September 1, 2008
Conference Paper

Bringing high performance computing to the biologist’s workbench: approaches, applications and challenges

Abstract

Data-intensive and high-performance computing are poised to significantly impact the future of biological research which is increasingly driven by the prevalence of high-throughput experimental methodologies for genome sequencing, transcriptomics, proteomics, and other areas. Large centers such as NIH’s National Center for Biotechnology Information (NCBI), The Institute for Genomic Research (TIGR), and the DOE’s Joint Genome Institute (JGI) Integrated Microbial Genome (IMG) have made extensive use of multiprocessor architectures to deal with some of the challenges of processing, storing and curating exponentially growing genomic and proteomic datasets—enabling end users to rapidly access a growing public data source, as well as utilize analysis tools transparently on high-performance computing resources.

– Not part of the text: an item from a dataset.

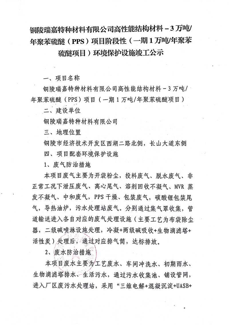 高性能結(jié)構(gòu)材料-3萬噸/年聚苯硫醚(PPS)項(xiàng)目 階段性(一期1萬噸/年聚苯硫醚項(xiàng)目) 環(huán)境保護(hù)設(shè)施竣工公示

Applying this computational power to single-investigator analysis, however, often relies on users to provide their own computational resources, forcing them to endure the learning curve of porting, building, and running software on multiprocessor architectures. Solving the next generation of large-scale biology challenges using multiprocessor machines—from small clusters to emerging petascale machines—can most practically be realized if this learning curve can be minimized through a combination of workflow management, data management and resource allocation as well as intuitive interfaces and compatibility with existing common data formats.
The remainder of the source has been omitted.